Search code examples
pythonmxnet

Mxnet datatype is float64, but keeps saying that it's float32


I'm a pytorch and tensorflow user. I came across Mxnet in order to use AWS sagemaker's elastic inference.

Mxnet gluon dataset api seems to be very similar to pytorch's dataset.

class CustomDataset(mxnet.gluon.data.Dataset):
    def __init__(self):
        self.train_df = pd.read_csv('/shared/KTUTOR/test_summary_data.csv')
    def __getitem__(self, idx):
        return mxnet.nd.array(self.train_df.loc[idx, ['TT', 'TF', 'FT', 'FF']], dtype='float64'), mxnet.nd.array(self.train_df.loc[idx, ['p1']], dtype='float64')
    def __len__(self):
        return len(self.train_df)

I defined my customdataset like above, and set the datatypes as float64.

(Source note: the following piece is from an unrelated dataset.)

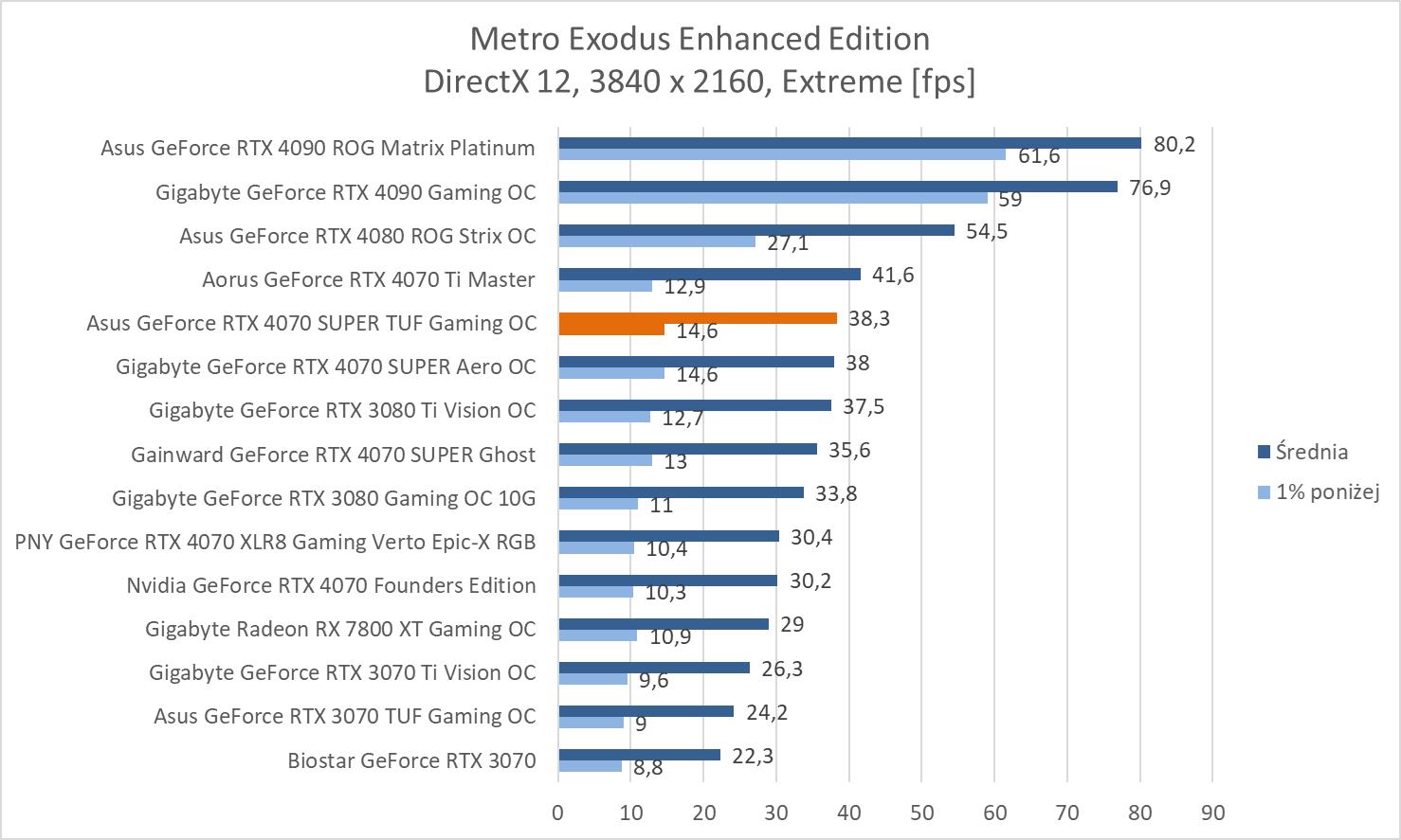 W grach z ray tracingiem ponownie mamy do czynienia z bardzo dobrymi wynikami. Przewaga nad RTX 4070 Founders Edition wynosi kolejno ok. 24,4%, 24,9% i 24,2%. Karta wypada też wyraźnie wydajniej niż niepodkręcony model RTX 4070 SUPER. Mamy też małą przewagę nad modelem Gigabyte RTX 4070 SUPER, ale tu różnice są naprawdę niskie. Z drugiej strony RTX 4070 Ti Master ma przewagę kolejno ok. 4,9%, 6,1% i 7,8%. Ponownie więc karcie bliżej jest do mocniejszego modelu.

test_data = mxnet.gluon.data.DataLoader(CustomDataset(), batch_size=8, shuffle=True, num_workers=2)

I wrapped my dataset with DataLoader, and no error up to this point. The error rises when I pass the data to the network.

for epoch in range(1):
for data, label in test_data:
    print(data.dtype)
    print(label.dtype)
    with autograd.record():
        output = net(data)
        loss = softmax_cross_entropy(output, label)
    loss.backward()
    trainer.step(batch_size)

The error rise in net(data), and the error message looks like below.

MXNetError: [07:53:55] src/operator/contrib/../elemwise_op_common.h:135: Check failed: assign(&dattr, vec.at(i)): Incompatible attr in node  at 1-th input: expected float64, got float32
Stack trace:
  [bt] (0) /root/anaconda3/lib/python3.7/site-packages/mxnet/libmxnet.so(+0x4b09db) 
[0x7f00f96519db] ...

When I print the type of data and label, they are all float64, but MXNet tells me that the datatype of the data is float32. Can someone explain why this is happening ? Thanks much in advance.


Solution

  • Is your network in float64 or float32? Try to cast the weights to float64:

    net = net.cast('float64')

    That being said, in my experience it is not common to train DL models in float64, float32 and float16 are much more common for training. And MXNet allows you to easily use float16 precision for training either explicitly, or automatically with the AMP tool (Automatic Mixed Precision)